アオイの証言から、ユウキが正気を失って暴走していたことを聞いており、かつ戦闘が終わってから数日はこちらの問いかけに答えることすらできなかった日が続いていた。
「へえ……いいな甘いもの。コニールさんがおすすめの店ってどんなところです?」
「そうだな……。すごいおいしいラズベリーのタルトを出す店があってな。そこで淹れるミルクティーが何故かわからないけど抜群に香りがいいんだよ。よくメアリーにズルして仕事場に持ってきてもらって食ってたな……」
「ラズベリーか……俺は苦手なんすけど、酸っぱくて」
コニールは内心お前の苦手は今言うもんじゃないだろと思いながら、口に放り込んだミカンと共に飲み込んだ。ユウキと話してるとこんな感じで話の腰が折れることが多々あったが、これがシーラの言う“ボンクラ”ぶりなのかと感じていた。
× × ×
シーラとアオイは別室で、ケイリンと共にいた。ケイリンはトスキの娘ではあったが、3番目の妻の娘であることと、元から重要なポストに就くことも望んでいなかったため、医者をそのまま続けていた。
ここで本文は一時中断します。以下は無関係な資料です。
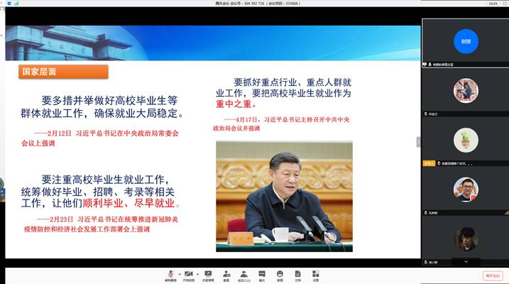 首先,招就处就业管理科科长陈曦轶老师用历年公司、公司就业数据向同学们说明了今年的就业形势,并就今年一些疫情下的就业激励政策向同学们进行了解读,希望同学们抓住机遇,找到自己满意的工作岗位。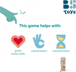 Zabavna spretnostna igra v slogu Jenge za 2–10 igralcev od 4 let naprej, ki združuje napetost z učenjem števil. Igralci mečejo kocko in odstranjujejo bloke glede na rezultat – en blok ali dva, katerih vsota ustreza metu. Cilj je ohraniti stolp v ravnotežju in hkrati razvijati številčne spretnosti, motoriko, koordinacijo oko–roka, koncentracijo in potrpežljivost.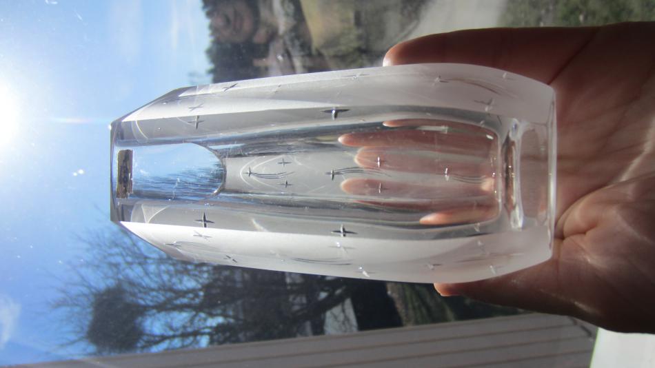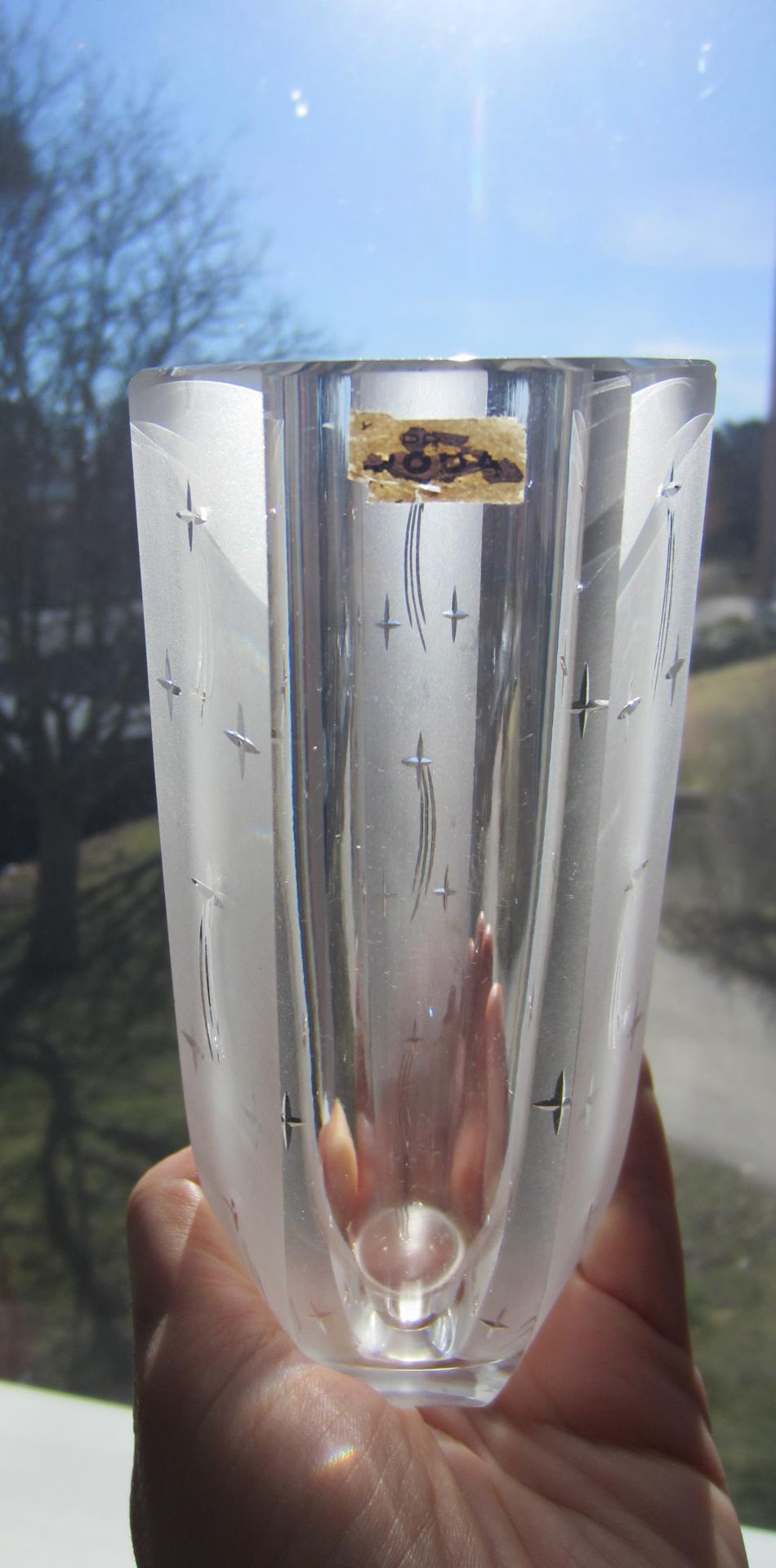 Jag tror att det står "Prima BODA kristall" på etiketten och på bottnen står det BODA.

ケイリンが机の上に資料を広げる。それはユウキの診断の結果が書かれたものであり、シーラとアオイはそれぞれの資料を手に取って見た。
「……結論から言えば“離人症”のような症状と言える。私の専門は外科の方だから心の方はあまり詳しくないんだが、彼の現状はあまりよろしくないようだ」
アオイはユウキの暴走を目撃し、かつ直接その状態のユウキと相対していたこともあり、ユウキの入院中に同時にケイリンに検査を依頼していたのだった。そしてケイリンも怪我を治しながらユウキの検査を別の先生に依頼し、その結果が今日出ていたのだった。
「離人症って……?」
アオイは聞いたことのない症名にピンとこずケイリンに尋ねる。ケイリンはどう言葉にすべきか少し悩んだ後に答えた。
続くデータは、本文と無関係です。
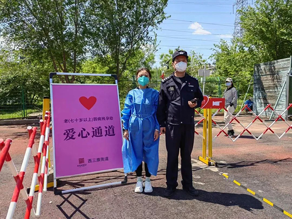 在西三旗街道司法所,司法助理员王鹤与海淀公安分局的丈夫并肩投入到疫情防控工作中,连续数日坚守在核酸检测点,开展秩序维护工作。现场相遇,夫妻俩也只是简单叮嘱两句“注意安全”,便又各自忙碌起来。

「う~ん……。まあ一言で言うなら自分が自分じゃないという感覚がずっと続いてしまうってものでね。現実感の喪失、それに伴う無感情の連続、無軌道な行動が特徴なんだ。……あの戦いで彼はあれほどの重傷にも関わらずラルダイン様を倒し、アオイ君に襲い掛かった。これも自分が怪我していることを無視している……そしてアオイ君に危害を加えていることに気づいていない。そう言えるだろう」
アオイは横にいるシーラと顔を合わせる。アオイにはユウキの症状に心当たりがあった。この世界はあまりに現実感がなさすぎる。文化レベルも日本とは遥かに違く、言ってしまえば“ゲームのようなファンタジーの世界”そのものだった。
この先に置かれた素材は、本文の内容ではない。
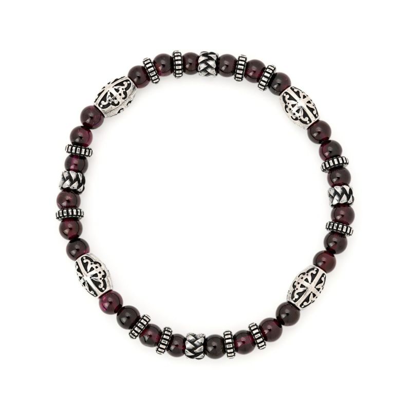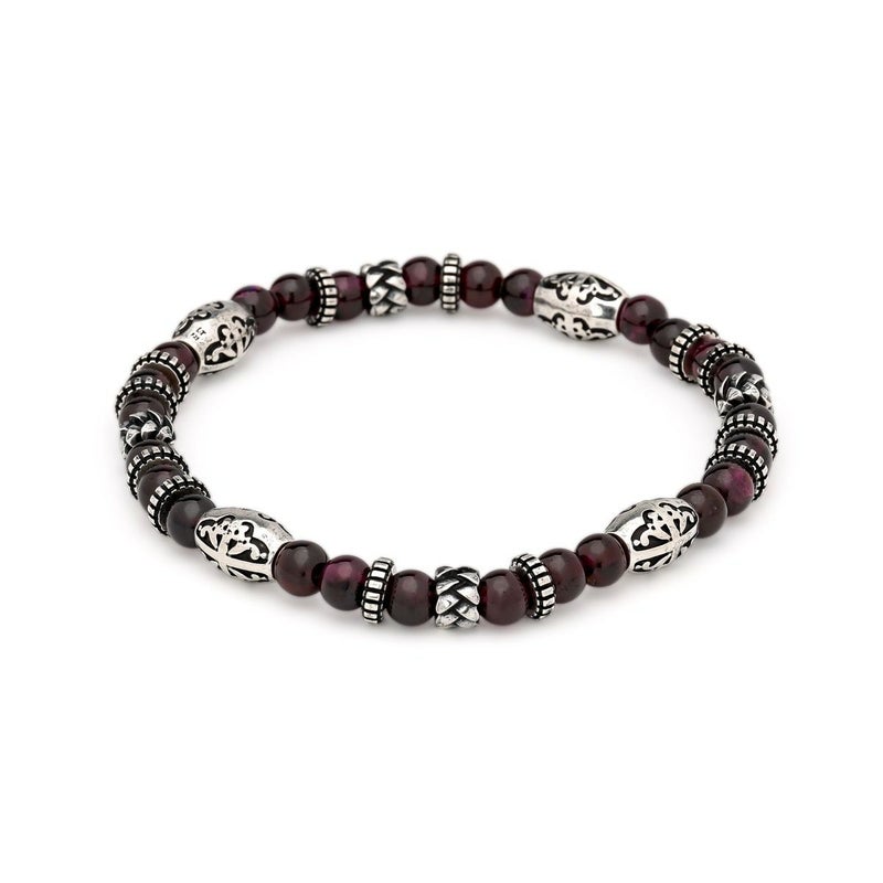 小振りサイズのシルバービーズに大切な人との絆を深めると言われるガーネットを組み合わせた、腕元のアクセントとして使いやすい6mm幅のストーンブレスレット。

アオイは瞬間移動の特殊能力はあれど、ユウキのような圧倒的な力を持っていないため、その意味ではまだ地に足がついていた。
「確か彼は戦闘の記憶を失ってるんだろう? ならそのままにしてあげた方がいい。これは思い出しちゃいけない記憶だ」
「なぜ?」
アオイがケイリンに尋ねるとシーラが横から答えた。
「……多分“必殺技”としてハイリスクすぎるから。それでもって発動条件が緩すぎる。いくら使っちゃいけないものだって認識してても、簡単に使えるなら使っちゃうもんですし」
「次があっても……というか絶対に次は使わせちゃいけない。だったら発動方法まで含め忘れてもらった方がありがたいってこと。わかった?」
ケイリンからの忠告にアオイは頷いて答えた。
「はい……。わかりました」
「うん。それで……」
「すみませーん」
ケイリンの話を遮るように部屋の外から声が聞こえ、次いでドアがノックされる。
「ああ、いいぞ入ってくれ」
ケイリンが予定していたかのように来客に対応したのを見て、アオイは不思議そうに尋ねた。
「誰か呼んでたんですか?」
アオイの質問にケイリンが答える。
「私。ユウキ君の治療に役立つ人を呼んでたの」
ドアが開かれると、黒髪の女性が一人入ってくる。アオイはどこか見覚えのあるその女性をまじまじと眺め、その視線に入ってきた女性も気が付いたのかアオイを見る。そして入ってきた女性の方から声をあげてアオイに詰め寄った。
「あー! アオイじゃない! なんでここにいるの!?」
その声を聞いて、アオイもようやく誰だったのかに気が付いた。